Those failures, reported the Associated Press, “have given the state one of the nation’s highest rates of death by abuse and neglect ... .” The investigation was conducted by The Atlanta Journal-Constitution.
The newspaper looked at 2,230 reported child deaths in Georgia between January 2011 and July 2013. A little more than 20 percent of those deaths, according to authorities, were accidental. But the newspaper’s probe suggests that as many as a quarter of those deaths were caused either by adult negligence or reckless conduct.
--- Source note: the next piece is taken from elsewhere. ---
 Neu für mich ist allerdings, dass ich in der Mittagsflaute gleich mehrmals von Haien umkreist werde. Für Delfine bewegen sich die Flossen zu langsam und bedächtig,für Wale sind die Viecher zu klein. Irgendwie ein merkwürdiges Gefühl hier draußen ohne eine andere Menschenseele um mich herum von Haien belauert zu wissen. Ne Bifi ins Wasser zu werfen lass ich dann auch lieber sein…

It’s a frightening conclusion that perhaps more people should have seen coming. Consider the state’s findings from earlier this year. A report issued in May by the Georgia Division of Family and Children Services found the number of child deaths in some parts of Georgia to be “unusually high.” In July, DFCS reported that reported child deaths in the first three months of 2013 were markedly higher than in the same period in 2012.
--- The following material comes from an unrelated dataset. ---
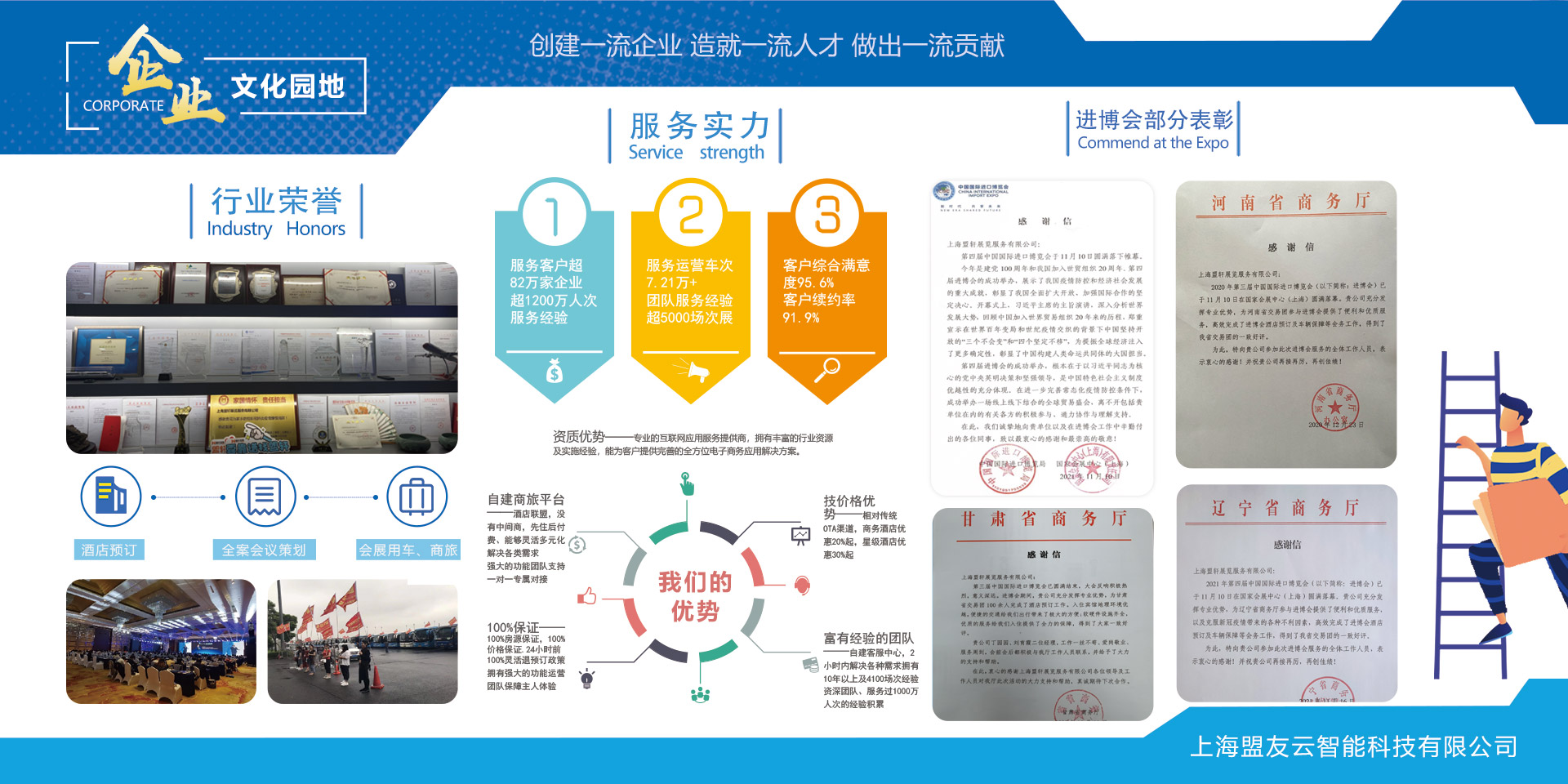 簡介:上海盟軒展覽服務有限公司成立于2009年,是一家 深耕于會展行業,專為會展商旅客戶在展會期間管 理酒店預定、商務出行安排、餐食供應管理,會務 策劃執行的專業服務商。

Child abuse isn’t limited to physical violence. Another sickening component is neglect – a caregiver’s failure to provide a child’s basic needs
The CSRA has seen two of the worst abuse cases in recent years. In 2010, Thomas G. Beasley got a prison sentence of more than 100 years for the prolonged beating of his two sons. And in the summer of 2008, Burke County authorities came across the Long family, a brood of 11 children who never had attended school or visited a doctor. The younger ones had never worn shoes. Their home lacked food, water and electricity.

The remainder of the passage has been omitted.